Support co-partitioned range inner equi joins#23184
gene-bordegaray wants to merge 2 commits into
apache:mainfrom
gene-bordegaray:gene.bordegaray/2026/06/range-partitioned-joins

Conversation

@gene-bordegaray

@gene-bordegaray gene-bordegaray commented Jun 25, 2026

Copy link
Copy Markdown
Contributor

Which issue does this PR close?

Rationale for this change

DataFusion can represent source-declared range partitioning, but partitioned hash joins still required hash partitioned inputs. So an inner join on compatible range-partitioned keys would insert unnecessary hash repartitions, even when each left/right partition already covered the same key domain.

This PR adds a partitioning requirement that means "equal key values are co-located" . I was calling this "compatibility" but found we can satisfy the requirement with looser conditions. Other systems call this "co-location" or "co-partitioning" (trino, spark). Which they (and now I am proposing) define as when both sides of a join are already partitioned so matching key values appear in corresponding partitions, so we can join partition pairs directly without repartitioning the sides.

This lets "co-partitioned" range inputs satisfy inner partitioned hash joins. This will also be applicable to other join types and operators but kept the first PR thin to keep scope more reviewable.

What changes are included in this PR?

  • Adds Distribution::KeyPartitioned(Vec<Arc<dyn PhysicalExpr>>) as a public distribution requirement.

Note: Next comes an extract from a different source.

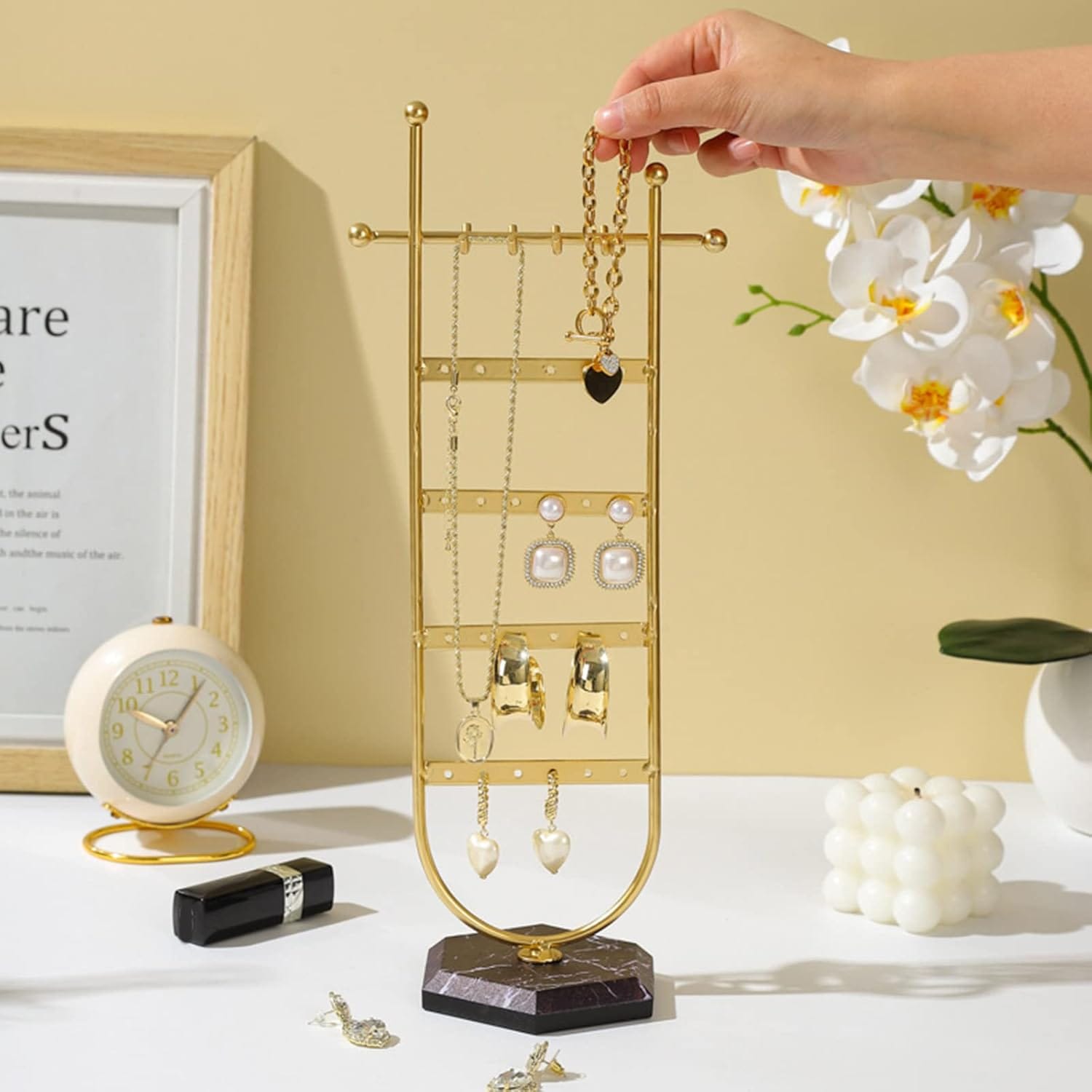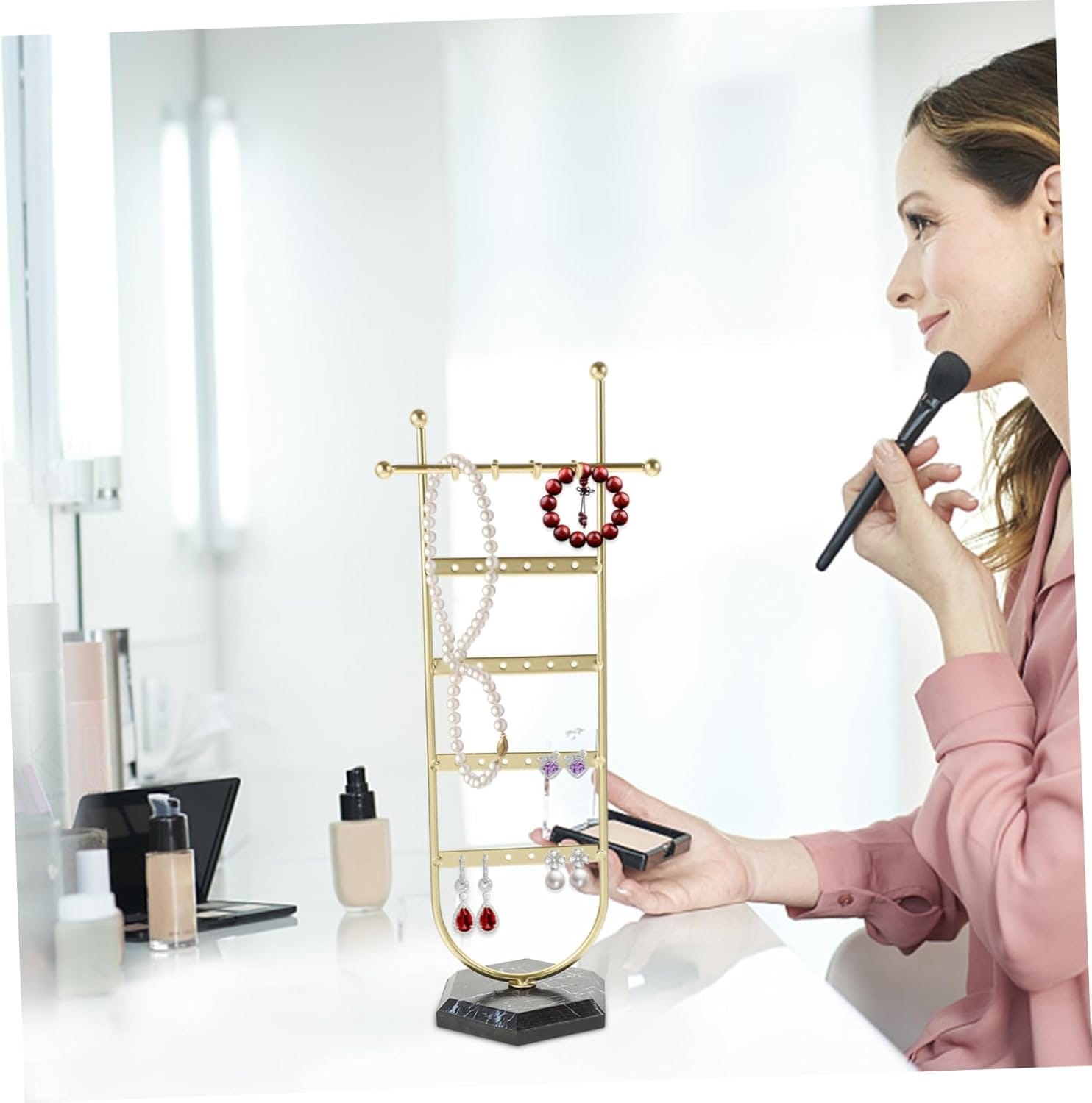 Σταντ Κοσμημάτων – : Με μεγάλη χωρητικότητα και πολλαπλά στρώματα, αυτή η θήκη χωράει διάφορα κοσμήματα. Κατασκευασμένη από ανθεκτικό σιδηρούχο υλικό, προσφέρει μακροχρόνια χρήση και είναι ιδανική για προμήθειες σπιτιού.

    • HashPartitioned([a]) means rows must be partitioned by hash on a.
    • KeyPartitioned([a]) means rows with equal a values must be co-located, but the partitioning algorithm may be hash, range, or another compatible scheme.
    • Example:
      Hash([left.a], 3) satisfies KeyPartitioned([left.a])
      Range([right.b ASC], [(10), (20)], 3) satisfies KeyPartitioned([right.b])
      
  • Adds Partitioning::co_partitioned_with(...) to validate that two independently satisfying partitionings also can be paired by partition index.

    • Examples:
      • Accepted: both sides satisfy their own key requirement and have matching range boundaries.
        left:  Range([a ASC], [(10), (20)], 3), required KeyPartitioned([a])
        right: Range([b ASC], [(10), (20)], 3), required KeyPartitioned([b])
        
      • Accepted: both sides satisfy their own key requirement and have matching hash partition counts.
        left:  Hash([a], 3), required KeyPartitioned([a])
        right: Hash([b], 3), required KeyPartitioned([b])
        
      • Rejected: both sides satisfy their own key requirement, but range boundaries differ.
        left:  Range([a ASC], [(10), (20)], 3), required KeyPartitioned([a])
        right: Range([b ASC], [(15), (20)], 3), required KeyPartitioned([b])
        
      • Rejected: both sides satisfy their own key requirement, but partition counts differ.
        left:  Hash([a], 3), required KeyPartitioned([a])
        right: Hash([b], 4), required KeyPartitioned([b])
        
  • Changes inner partitioned HashJoinExec requirements from HashPartitioned to KeyPartitioned.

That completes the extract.